**Problem requirements:**
Line by line, repeat the material below exactly and skip the images.

**Input data:**
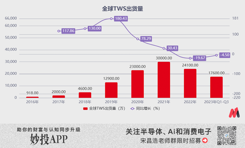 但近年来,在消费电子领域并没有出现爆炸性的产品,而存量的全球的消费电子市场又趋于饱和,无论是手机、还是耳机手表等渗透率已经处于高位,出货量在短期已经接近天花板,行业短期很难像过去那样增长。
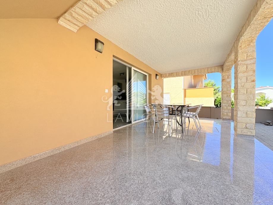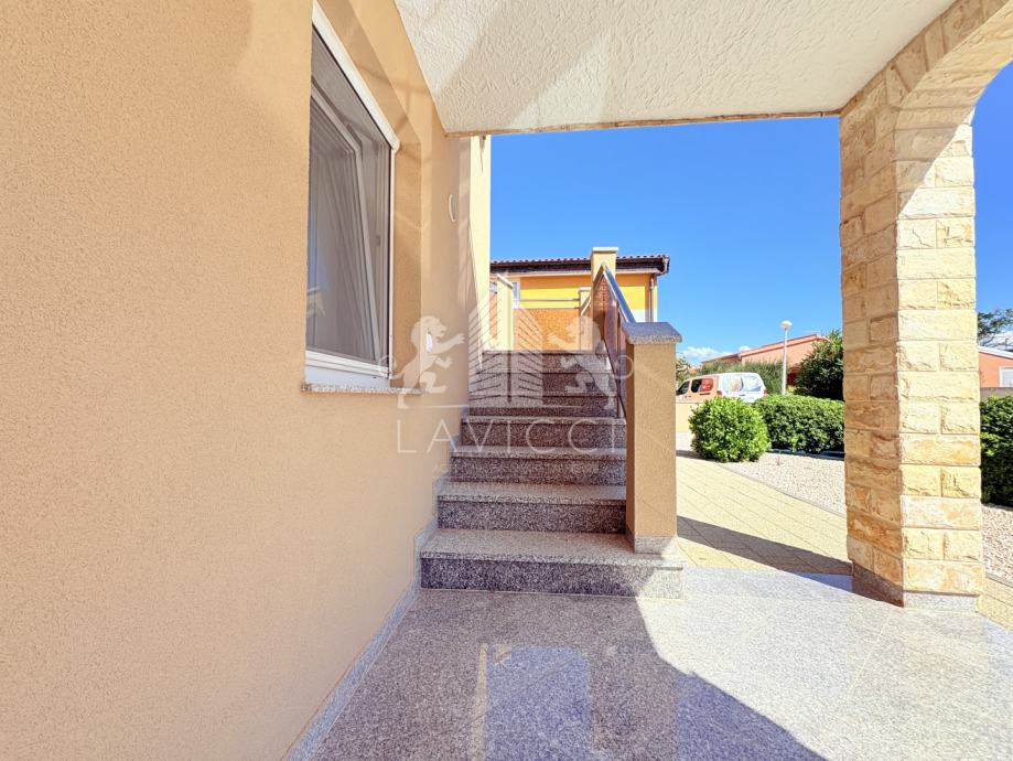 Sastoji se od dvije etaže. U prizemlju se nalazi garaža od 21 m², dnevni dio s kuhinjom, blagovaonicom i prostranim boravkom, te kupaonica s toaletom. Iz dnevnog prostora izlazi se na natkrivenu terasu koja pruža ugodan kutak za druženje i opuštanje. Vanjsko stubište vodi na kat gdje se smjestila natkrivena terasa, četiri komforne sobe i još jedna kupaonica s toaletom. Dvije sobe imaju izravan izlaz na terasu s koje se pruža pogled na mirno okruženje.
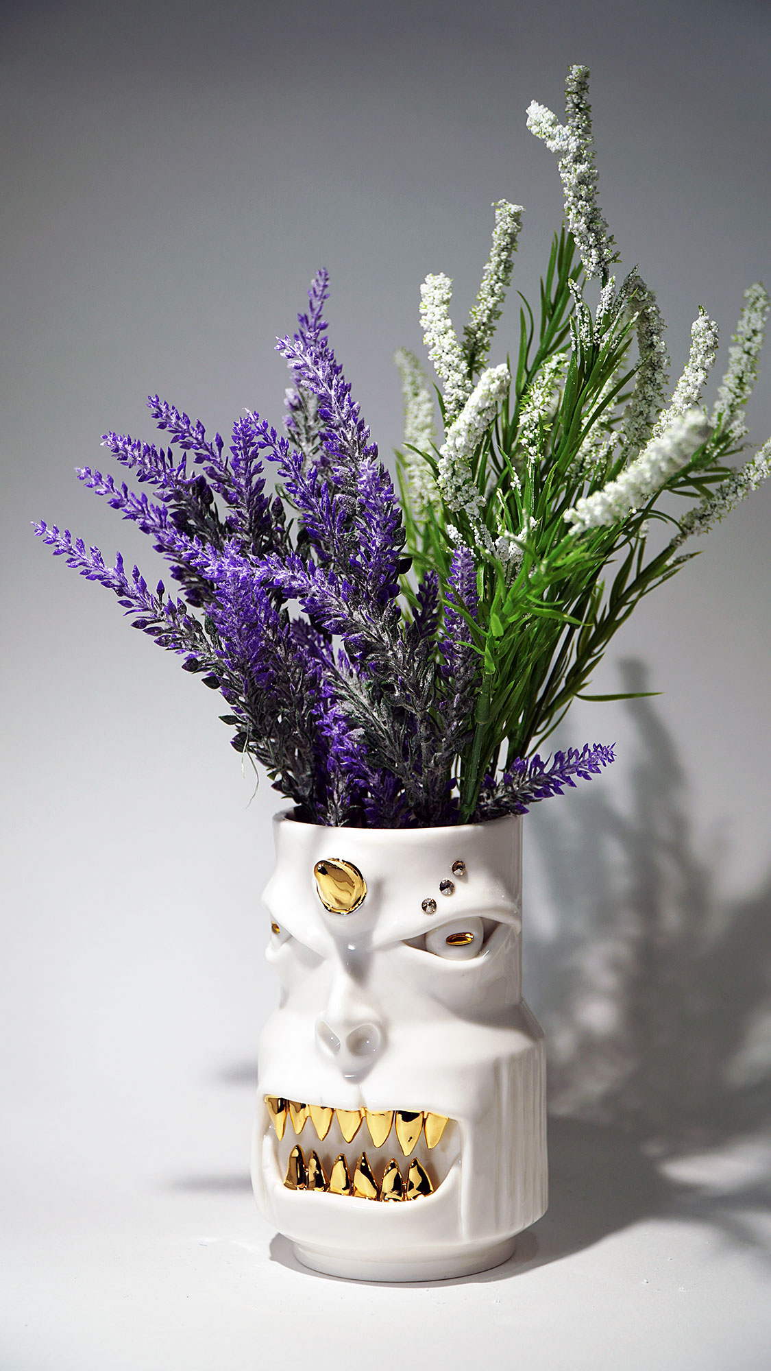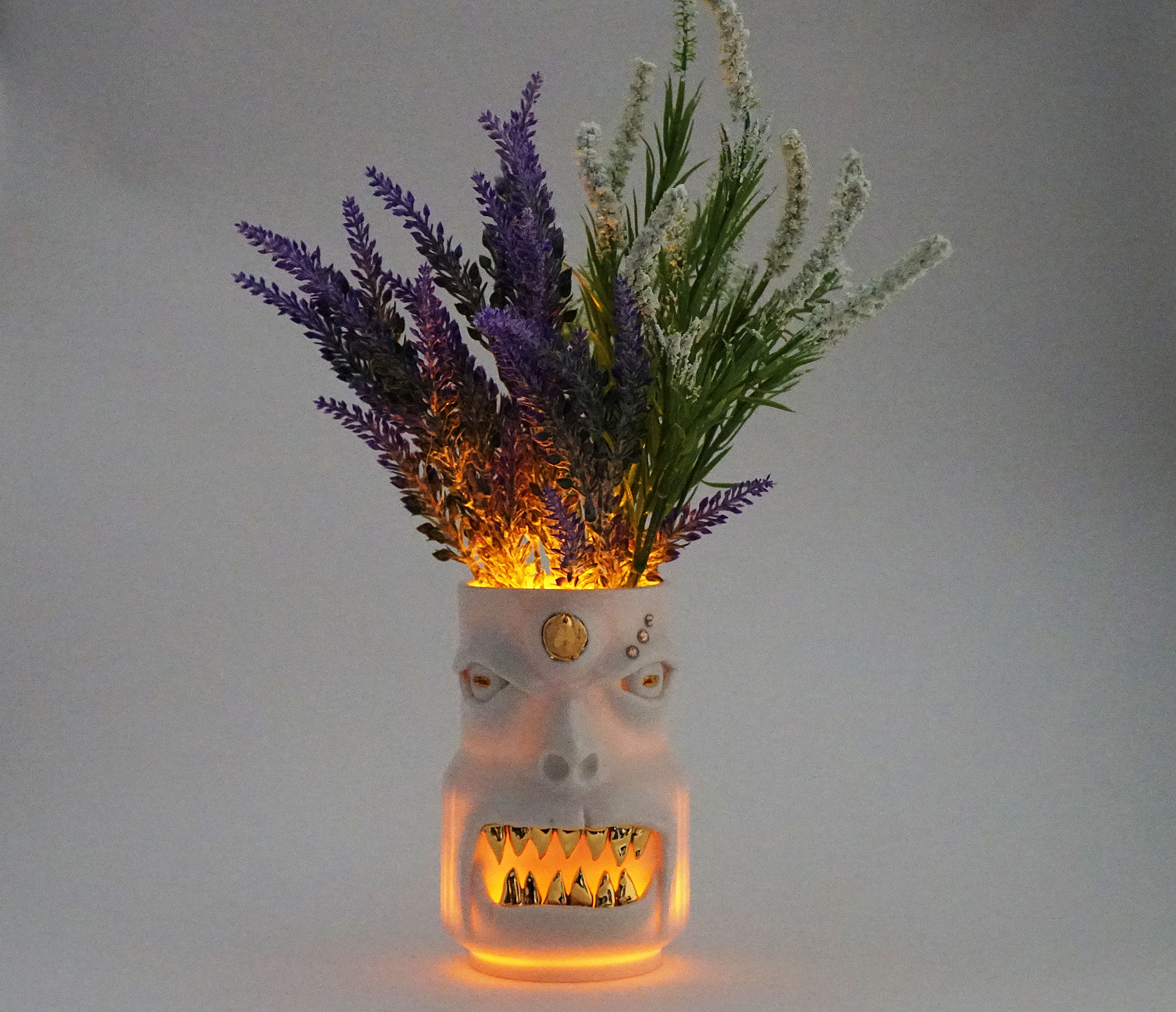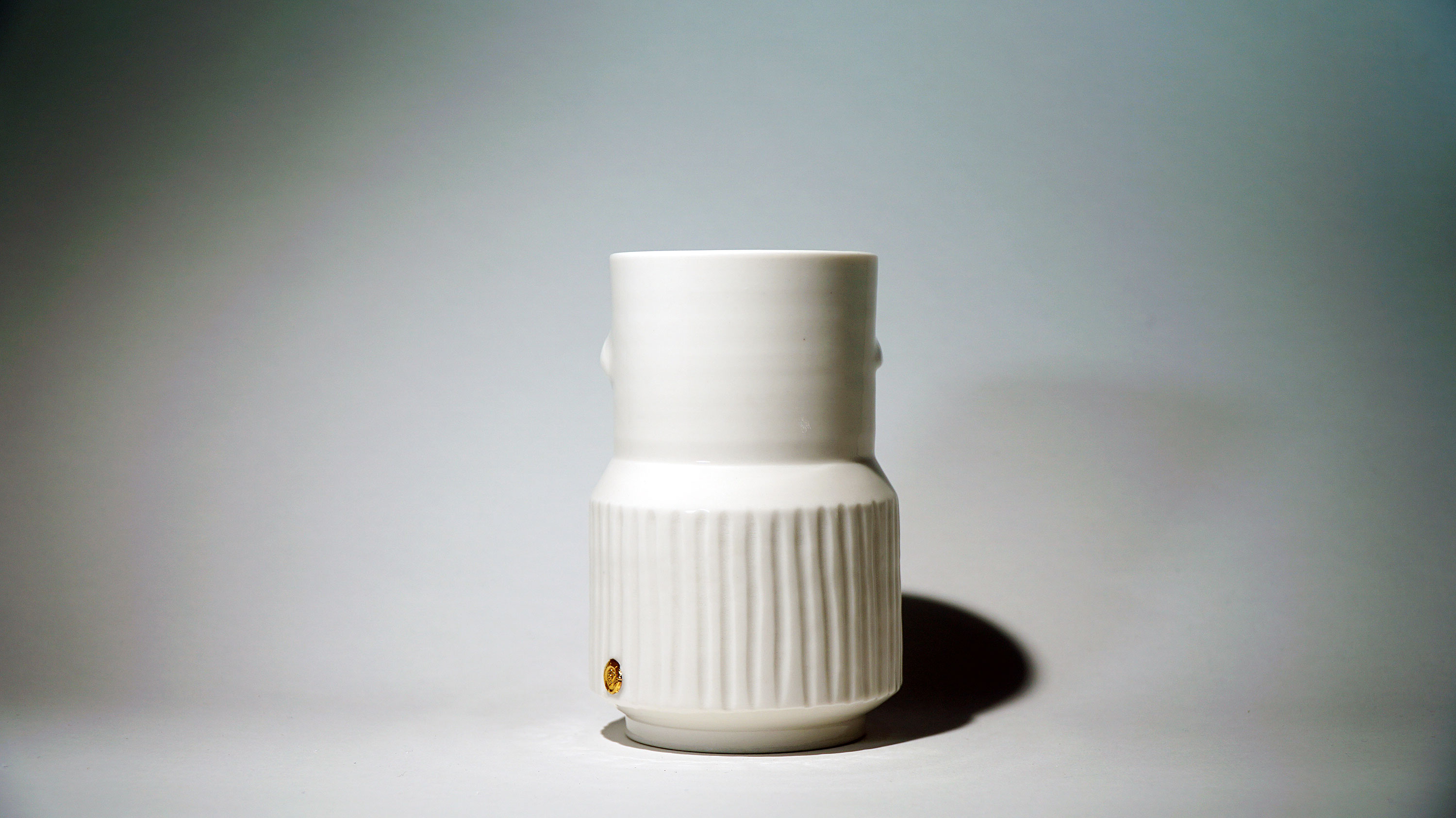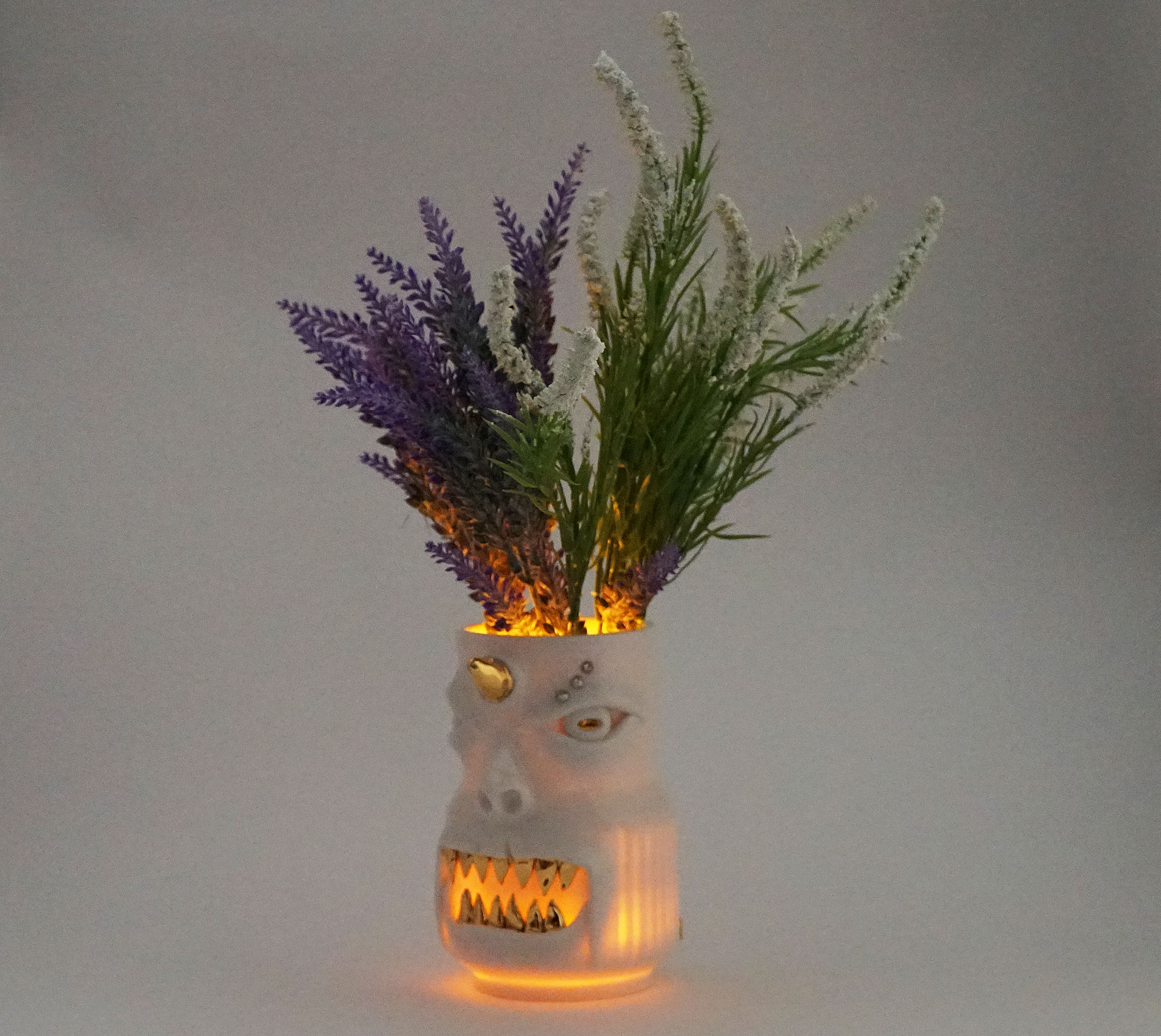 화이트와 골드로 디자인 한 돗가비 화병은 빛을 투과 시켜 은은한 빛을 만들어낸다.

**Response for this exercise:**
 但近年来,在消费电子领域并没有出现爆炸性的产品,而存量的全球的消费电子市场又趋于饱和,无论是手机、还是耳机手表等渗透率已经处于高位,出货量在短期已经接近天花板,行业短期很难像过去那样增长。
 Sastoji se od dvije etaže. U prizemlju se nalazi garaža od 21 m², dnevni dio s kuhinjom, blagovaonicom i prostranim boravkom, te kupaonica s toaletom. Iz dnevnog prostora izlazi se na natkrivenu terasu koja pruža ugodan kutak za druženje i opuštanje. Vanjsko stubište vodi na kat gdje se smjestila natkrivena terasa, četiri komforne sobe i još jedna kupaonica s toaletom. Dvije sobe imaju izravan izlaz na terasu s koje se pruža pogled na mirno okruženje.
 화이트와 골드로 디자인 한 돗가비 화병은 빛을 투과 시켜 은은한 빛을 만들어낸다.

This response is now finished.